В те годы я задумал прозаический триптих о суфизме. Первая часть была посвящена истории возникновения суфизма и среднеазиатских школ-тарикатов: Хакимия, Кубравия, Хаджагон-Накшбандия, Ясавия. Повесть я назвал «Царь мучеников, или Сны Наджмиддина Кубро» (Наджм ад-дин Кубра, годы жизни 1145-1221 — хорезмский мистик и богослов, суфийский шейх, поэт, основатель суфийского братства Кубравия. — Прим. «Ферганы»). Эта повесть уже дважды издавалась в Ташкенте. Вторая часть — о сущности философии, о семи макамах (стоянках) суфизма — была только начата. Эту повесть я назвал «Семь встреч шейха Фаридуддина Аттара». Третья часть должна была быть посвящена жизни великих суфиев. Рабочее название — «Последний день Джалалиддина Руми» (Джалаладдин Руми, 1207-1273 — выдающийся персидский поэт-суфий. — Прим. «Ферганы»). Повесть так и не была написана...
Надо сказать, что после распада Союза в литературе начался кризис. В какой-то момент меня уволили из издательства: не хотел участвовать в темных делах одного высокопоставленного чиновника. Так вот, в один из дней 1989 года, еще до увольнения, ко мне на работу пришел человек из Ходжента, тогда еще Ленинабада. Человек этот назвал себя Ильёсхоном. Он положил на стол толстую папку: «Я написал книгу о Махдуми Агзаме и вот принес вам, хочу издать». При упоминания имени Махдуми Агзама я сразу вспомнил все рассказы матери. Но я еще больше удивился, когда Ильёсхон сказал: «Я учился в таджикской школе, но эту тазкира (антологию) написал на узбекском языке. Поэтому я мечтал о том, чтоб мою рукопись прочитал какой-нибудь узбекский ученый или писатель. И вот однажды во сне мне явился некий старец; он велел ехать в Ташкент и разыскать вас».
— Мистическая история! Вполне в духе суфийских откровений… Скажите, та рукопись была опубликована?

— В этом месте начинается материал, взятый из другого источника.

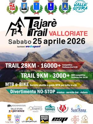 Sabato 25 aprile vi aspetta il Tajarè Trail di Valloriate: due percorsi di diversa lunghezza e dislivello (28 km da 1650 m D+, 9 km da 300 D+), con musica e servizio bar tutto il giorno, oltre a servizio shuttle e guide MTB per tutte le età. Iscrizioni aperte: clicca qui.
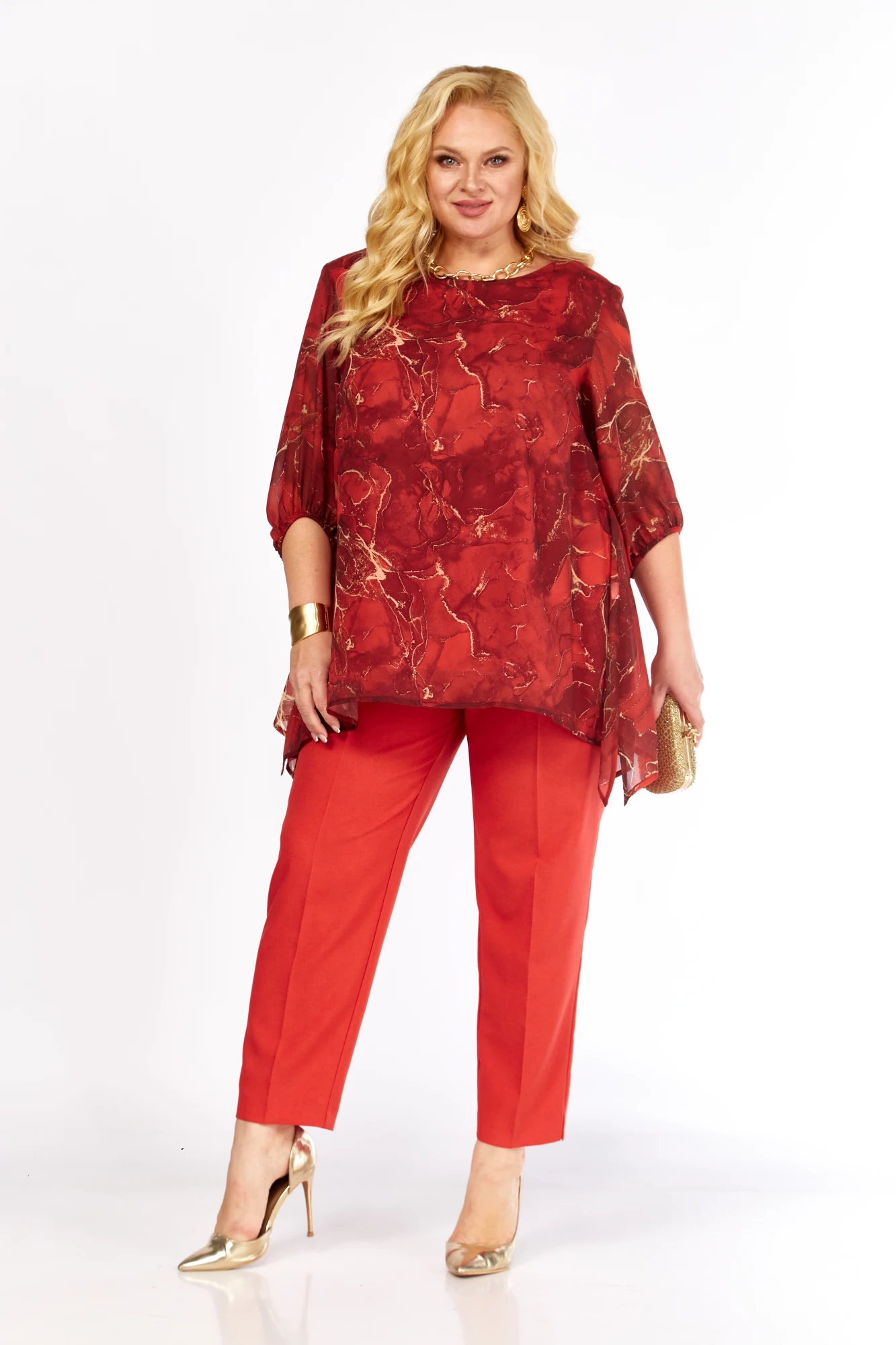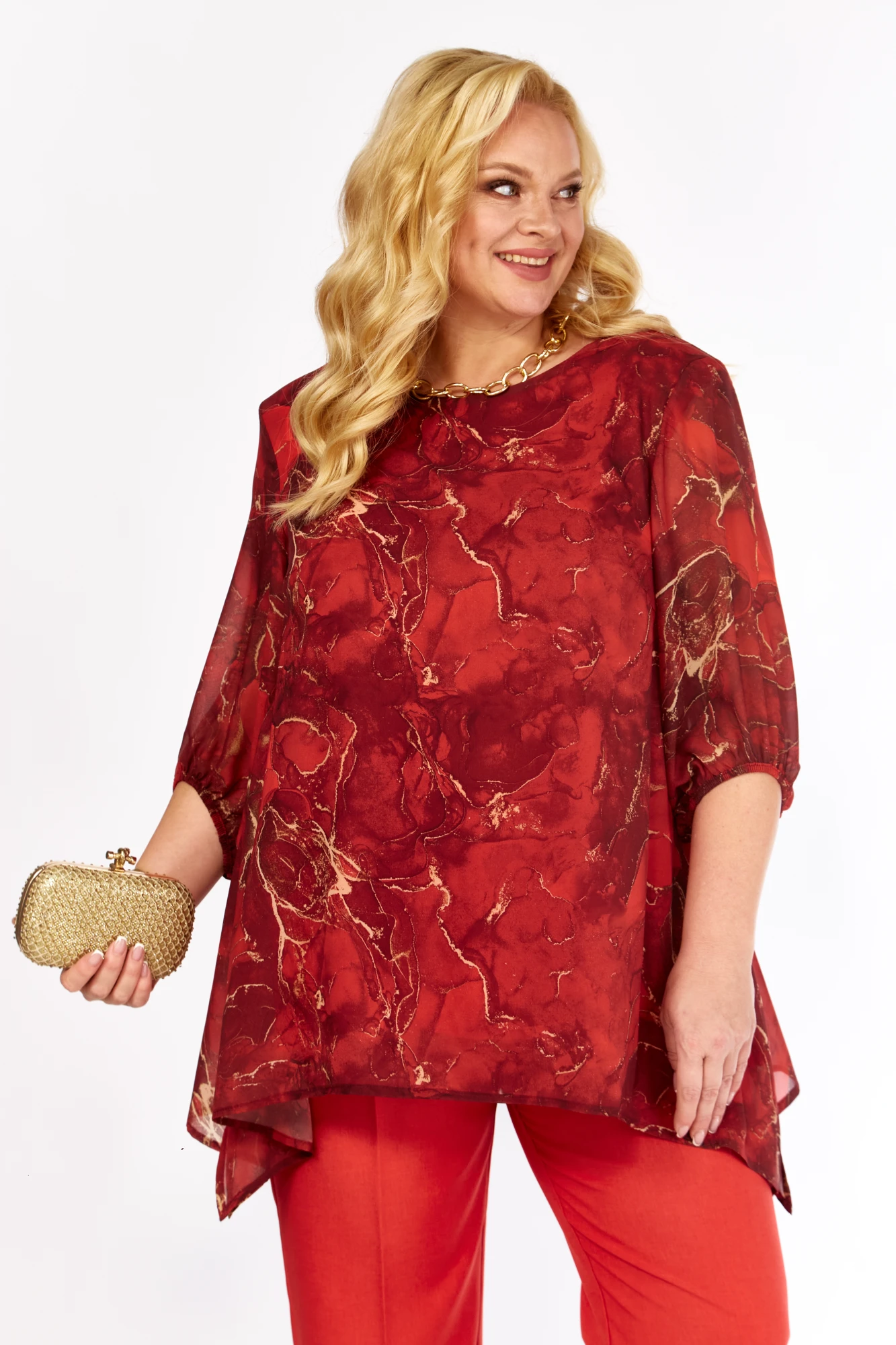 Блуза сводного кроя из принтованного шифона, что придает уникальность стилю своими красками. На полочке нагрудные вытачки, вырез горловины аккуратной округлой формы. Рукав втачной, свободный, низ присборен.

— Когда меня уволили, я отнес рукопись Ильёсхона в одно частное издательство. Но тамошний редактор вдруг решил стать «соавтором» книги; в конце концов, Ильёсхон забрал свой труд и уехал. На меня он тоже обиделся. О дальнейшей судьбе его рукописи я ничего не знаю…
После увольнения я сидел дома. Жить было не на что, семью кормить нечем. Решил продавать на толкучках ценные книги из своей библиотеки. Однако делать этого не умел, доверился одному торговцу, тот пообещал помочь в реализации — и исчез вместе со всеми моими раритетами.
Позже в Самарканде я познакомился с еще одним потомком Махдуми Агзама — ученым Комилхоном Каттаевым. Комилхон был настоящим знатоком не только биографии, но и всех книг имама Дахбеди (Махдуми Агзама).
— Вы ощущаете ответственность за родство с Агзамом?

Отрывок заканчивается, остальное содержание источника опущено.